Advantages and Disadvantages of a Lifetime Giving Program

A lifetime giving program offers many tax and non-tax advantages and disadvantages.

The Advantages of Lifetime Giving Include:

Each year a donor can give $10,000 to an unlimited number of donees free of gift tax. This offers a tremendous opportunity to save estate, income and GST taxes.

An individual can pay tuition for any number of relatives or friends without the payments being treated as gifts. This offers a great opportunity to save estate and GST taxes.

Payment of another's medical expenses is not subject to gift tax and may save estate and GST tax.

Gifts offer a way to save estate tax as discussed in separate points throughout this list.

The first $675,000 of taxable transfers is exempt by virtue of the Unified Credit. This allows the donor to transfer assets with appreciation potential and to remove post-transfer appreciation and earnings from his estate.

A gift by one spouse can be treated as made by both spouses. This enables a spouse without adequate funds to take advantage of exclusions, the unified credit and other tax benefits.

Unlimited amounts can be transferred to a spouse free of gift tax. This enables a spouse without adequate funds to take advantage of exclusions, unified credit and other tax benefits. It also permits transfers to spouse for non-tax reasons (e.g., to put property beyond the reach of creditors) to be made without tax cost.

Income earned on, and appreciation in the value of, gifted property generally escapes estate tax in the donor's estate.

A giving program offers the opportunity to save family income taxes.

Any federal gift tax paid on a gift is removed from the estate tax base, unless the donor dies within three years.

Gifts avoid the publicity and probate costs on the gifted property and on any gift tax paid on the property.

Gifts may reduce the family state income tax bill.

Gifts may lower state death taxes that could arise on the donor's death.

Gifts of certain types of property may enable the donor's estate to qualify for special use valuation.

Gifts of certain types of property may enable the donor's estate to qualify for special redemption treatment.

Gifts of certain types of property may enable the donor's estate to qualify for estate tax deferral.

Gifts may place property beyond the reach of creditors.

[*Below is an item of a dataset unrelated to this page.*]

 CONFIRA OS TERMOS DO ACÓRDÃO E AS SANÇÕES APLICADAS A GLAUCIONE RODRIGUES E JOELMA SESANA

Depending on the type of property involved, a gift may relieve the donor of the burden of managing the property.

Gifts to charity may be made free of gift tax and may produce an income tax deduction.

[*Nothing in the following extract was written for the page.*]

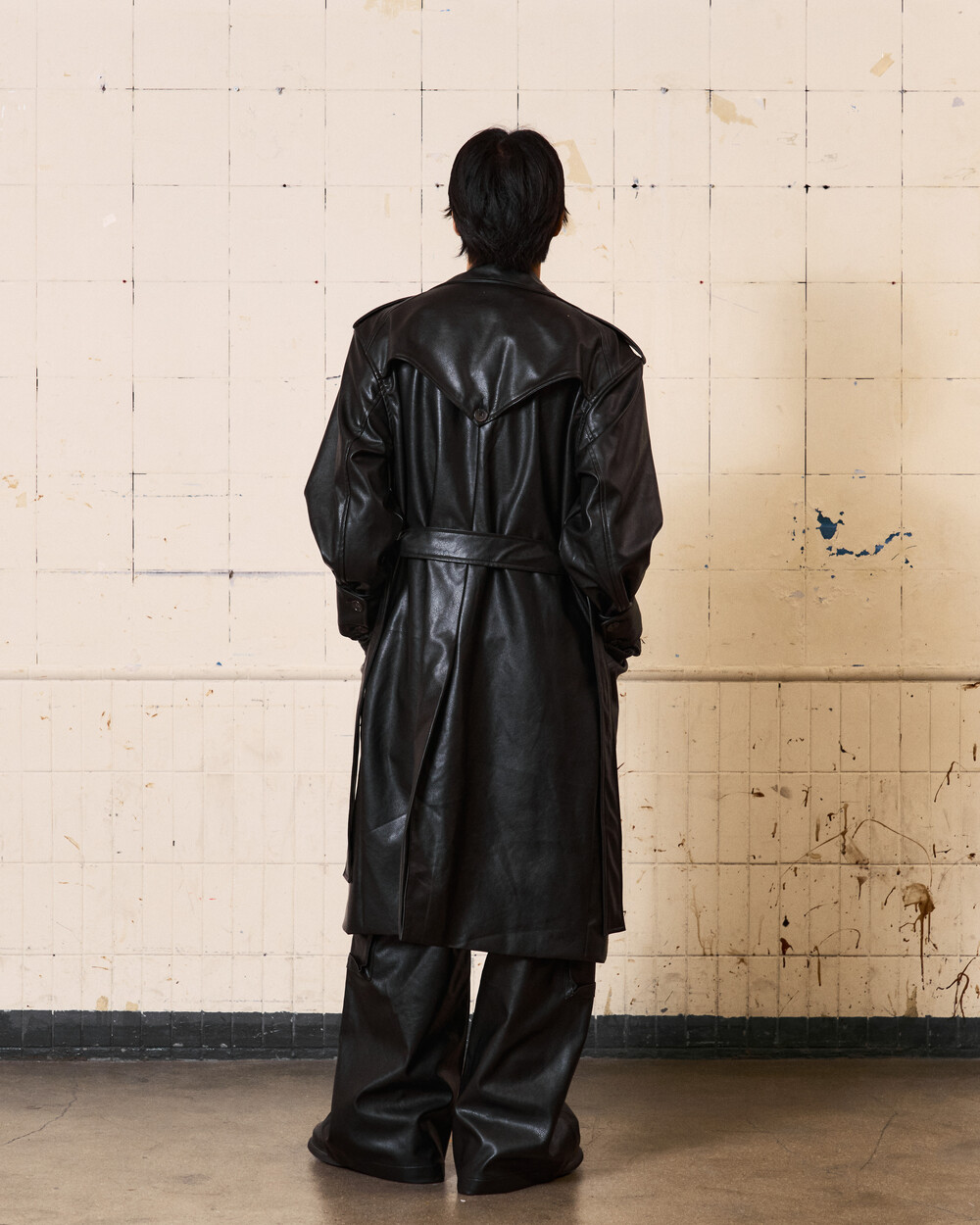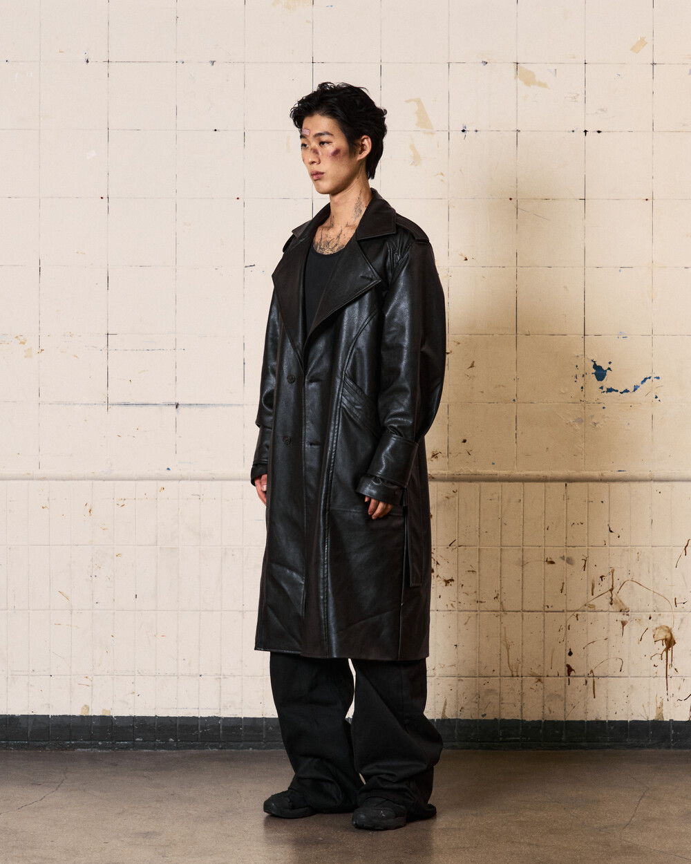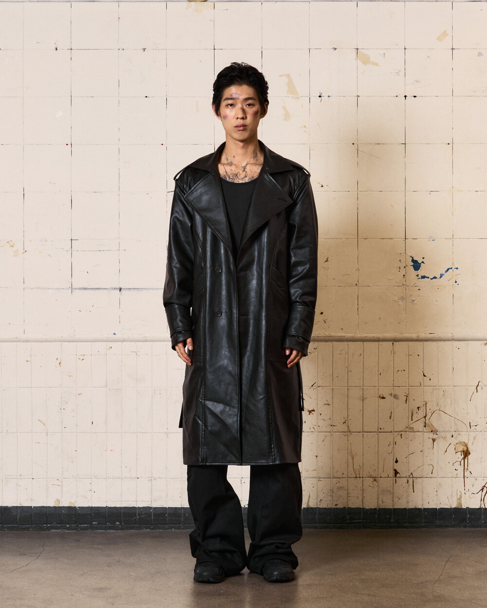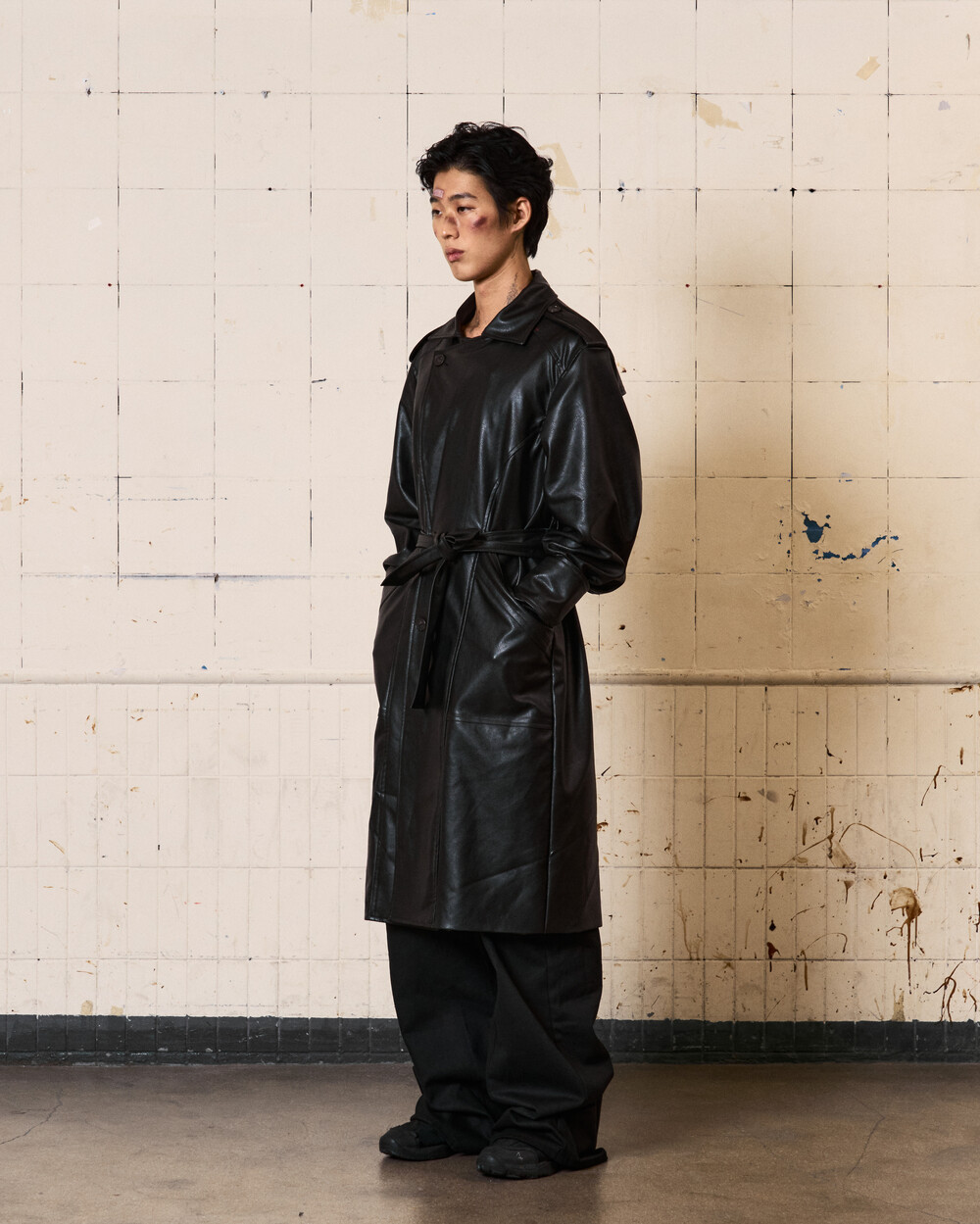 - Faux Leather 원단의 앞판 커브디테일이 들어간 레더코트 입니다.

Gifts of certain types of property may reduce the donor's alternative minimum tax liability.

Potential Disadvantages of Lifetime Giving Include:

A donee generally gets the donor's tax basis in the gifted property. On the other hand, in the case of a transfer at death, the transferee gets a tax basis equal to the property's fair market value at the date of death or, if elected, the alternate valuation date.

Once the unified credit is used up, taxable gifts amount to a prepayment of estate tax. Still, if the gifted property has significant appreciation potential, the prepayment may be more than offset by the subsequent appreciation that escapes transfer tax.

Lifetime gifts of closely held stock could cause loss of special Code Secs. 303 redemption treatment.

Lifetime gifts of business assets could cause loss of special use valuation.

Lifetime gifts of business assets could cause loss of estate tax deferral.

Extremely complicated rules could come into play when junior equity interests in a family business are given away.

A donor ordinarily will lose control of the gifted property.

A donor ordinarily will lose income from and enjoyment of the gifted property.

The gift may place the donor in a position of lacking sufficient resources if unanticipated needs arise.

Gifts may cause the donee to become financially dependent on the donor.